Auf Druck von SPD, Linken und Grünen soll der Bundestag an diesem Freitag entscheiden - gegen den Willen der Unionsspitze. Im Bundestag gilt eine Mehrheit für die Ehe für alle als sicher. Die CDU/CSU-Fraktion hat die Entscheidung zur Gewissensfrage erklärt. Damit entfällt der sogenannte Fraktionszwang, der Abgeordnete an eine vorgegebene Linie binden soll. Es wird damit gerechnet, dass auch ein Viertel bis ein Drittel der CDU/CSU-Abgeordneten zustimmt.

Ein Teil der Unionsparlamentarier fühle sich vom Vorgehen der Kanzlerin überrollt, räumte Seehofer ein. Ihr plötzlicher Kurswechsel werde in der Union sehr kontrovers gesehen. Auch wenn am Freitag einzelne Parlamentarier seiner Partei dafür stimmen würden, bleibe die Ehe zwischen Mann und Frau das Leitbild der CSU.

Ehe für alle von der Mehrheit der Deutschen befürwortet

Viele Kritiker der geplanten Bundestagsabstimmung halten die Änderung durch einfachen Gesetzesbeschluss ohnehin für verfassungswidrig. Auch nach Ansicht des CDU-Rechtspolitikers Patrick Sensburg müsste dafür das Grundgesetz geändert werden. «Es bleibt abzuwarten, ob der Bundespräsident es überhaupt unterzeichnet oder ob eine Verfassungsklage aussichtsreich ist», sagte er den Funke-Zeitungen. Der Präsident des Zentralkomitees der deutschen Katholiken (ZdK), Thomas Sternberg, erklärte in der «Passauer Neuen Presse» (Donnerstag): «Die Väter und Mütter unserer Verfassung haben mit der Ehe eine lebenslange Verantwortungsgemeinschaft gemeint, die auf Geburt und Erziehung von Kindern ausgerichtet ist.»

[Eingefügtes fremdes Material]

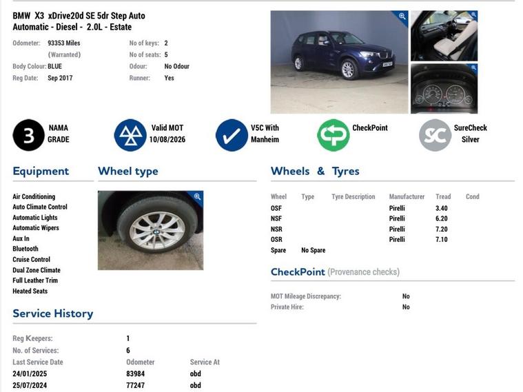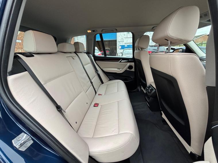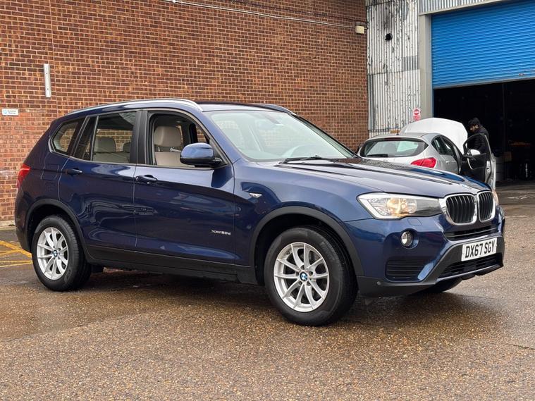 This 2017 BMW X3 20d SE boasts a pristine history, having had only one owner and a Full vehicle service history check. This four wheel drive SUV is powered by an efficient 2.0L Euro 6 diesel engine, offering an impressive fuel economy of 54 miles per gallon. The SE trim level is enhanced by the SE Plus Package, which includes a reversing assist camera for easier parking, a heated seats for comfort in colder weather, and enhanced Bluetooth telephone preparation with USB audio interface and voice control. Inside, the cabin is further refined with attractive Burled Walnut wood interior trim.The BMW X3 20d SE demonstrates its capability with a brisk 0-62mph acceleration time of just 8.1 seconds, indicating a strong performance for its class. Its low CO2 emissions are also a notable advantage, suggesting a more environmentally conscious choice compared to many similar vehicles. Furthermore, the generous boot space provides ample room for luggage, shopping, or sports equipment, making it a practical and versatile option for families and individuals alike.39/39 scored on a Mechanical Surecheck report, ULEZ Complaint and 2 Keys. Full service schedule is pictured. Once the customer has viewed and satisfied themselves with the vehicle delivery is available. Viewing is strictly via appointment only. MOT Till 10/08/26, Advisory has been cleared as we have changed the Brake pads..

Allerdings befürwortet die Mehrheit der Deutschen offensichtlich die volle Öffnung der Ehe. Nach einer Umfrage des INSA-Instituts für die «Bild»-Zeitung (Donnerstag) sind 75 Prozent dafür, 20 Prozent dagegen. Beim Kernpunkt der Gleichstellung, dem vollen Adoptionsrecht für Homosexuelle, ist die Zustimmung etwas geringer, aber immer noch groß: 66 Prozent befürworten es für gleichgeschlechtliche Paare, 22 Prozent lehnen es ab.

Bundesjustizminister Heiko Maas (SPD) forderte die Gegner der Ehe für alle auf, ihren Widerstand aufzugeben. «Jede klassische Ehe behält ihren vollen Wert. Niemandem wird etwas weggenommen», sagte er der «Saarbrücker Zeitung» (Donnerstag).